Остановился, словно натолкнувшись на стену.

Медленно повернул голову.

Они стояли в два ряда, глядя на меня пустыми глазницами, освещенные только холодным светом монитора. Просто стояли и молчали, лишь Дэнни дрожал и кашлял, а Джерри всхлипывал. Они молчали, но им было страшно, больно и обидно.

— Дэнни…

Все шесть серых мальчишек приставили к безгубым ртам длинные тонкие пальцы.

— Мы нашли его, и я его уничтожу, — пообещал я им, чувствуя, как они высасывают мое пси. Пускай, если это позволит им продержаться еще немного, пускай. Пускай. А я уничтожу его.

Они синхронно склонили головы набок, словно приглядываясь ко мне.

Затем синхронно кивнули.

Я зажмурился и затянулся.

А когда открыл глаза, в комнате никого не было.

Дело Хоббса было куда важнее. Мой «клиент» убил шесть детей — точнее даже, пять, — а террористы-аматоры Хоббса уничтожили играючи сорок два просто так, из каких-то фанатичных побуждений. И завтра в полвосьмого вечера они будут убивать снова. Урод на красном «Ховере» никуда не денется, он будет искать нового мальчика, чтобы убить его лично. Им можно заняться после террористов.

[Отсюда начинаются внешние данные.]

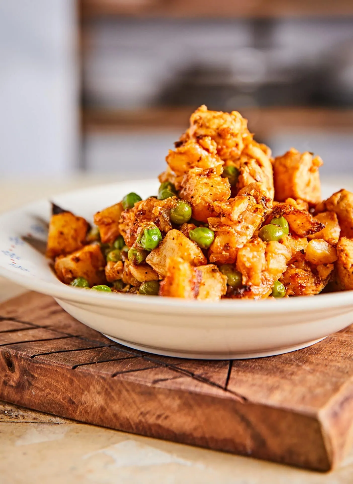 A raguhoz a csirkemellet kisebb kockákra vágjuk, sózzuk, borsozzuk, és 1 evőkanál olajon magas hőmérsékleten körbepirítjuk, majd kiszedjük. A visszamaradt szaftra öntünk még egy kanál olajat, és üvegesre pároljuk rajta az apróra vágott hagymát és fokhagymát, sózzuk, borsozzuk. Elkeverjük benne a fűszereket, majd felöntjük kb. 150 ml vízzel. Az a lényeg, hogy egy jó kis hagymás alapot kapjunk, tehát ha nagyjából elfőtte a vizet, akkor ezt még kétszer megismételjük. Visszarakjuk a húst, belerakjuk a borsót, felöntjük 2-300 ml vízzel, és addig rotyogtatjuk, amíg kicsit be nem sűrűsödik a szaft és össze nem áll a ragu. Ezután belekeverjük a sült zellert, és kész.

Я понимал это, но все равно отправил Хоббсу сообщение, что выхожу из дела и у меня ничего не получается.

Потом меня замучила совесть, и я, словно пьяный слон в посудную лавку, ворвался на след, работая впопыхах и неаккуратно. Эти четверо явно несколько раз проснулись этой ночью от кошмаров. Я же несколько раз чуть не включился, уходя с контакта за считаные мгновения до непоправимого. Но в конце все-таки сделал ошибку и отключился на секунду.

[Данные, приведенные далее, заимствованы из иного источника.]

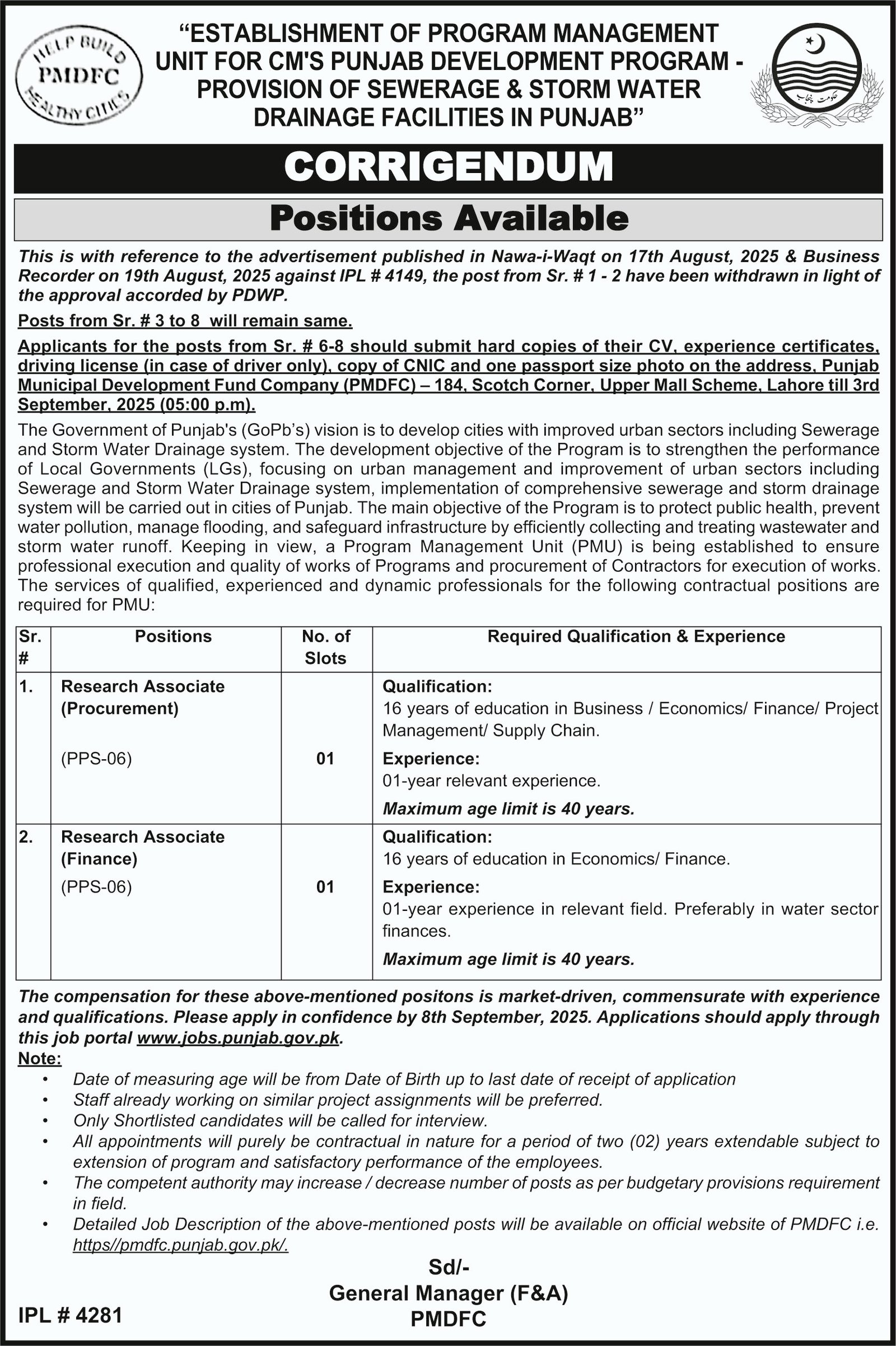 Punjab Municipal Development Fund Company PMDFC announced new jobs for the position of Research Associate. These jobs are related to Management category and Government jobs. The minimum qualification required for this job is Bachelor, Master, MS, BS.

Этого хватило, чтобы меня переполнила фанатичная, яростная решимость идти до конца. И это оказалось весьма кстати — я уже умирал, цепляясь остатками истощенного до предела пси за реальность.

Теперь все стало просто.

Теперь или он, или я. Или вместе. Но сегодня же.

А Хоббс со своим шоу и популярностью пусть идет на хер.

Впрочем, меня хватило на то, чтобы отправить ему адрес, где случится завтрашний взрыв. Больше я ничего не рассмотрел, но этого должно хватить. Потом я отключил телефон и взял со стола фотографию с «Х12».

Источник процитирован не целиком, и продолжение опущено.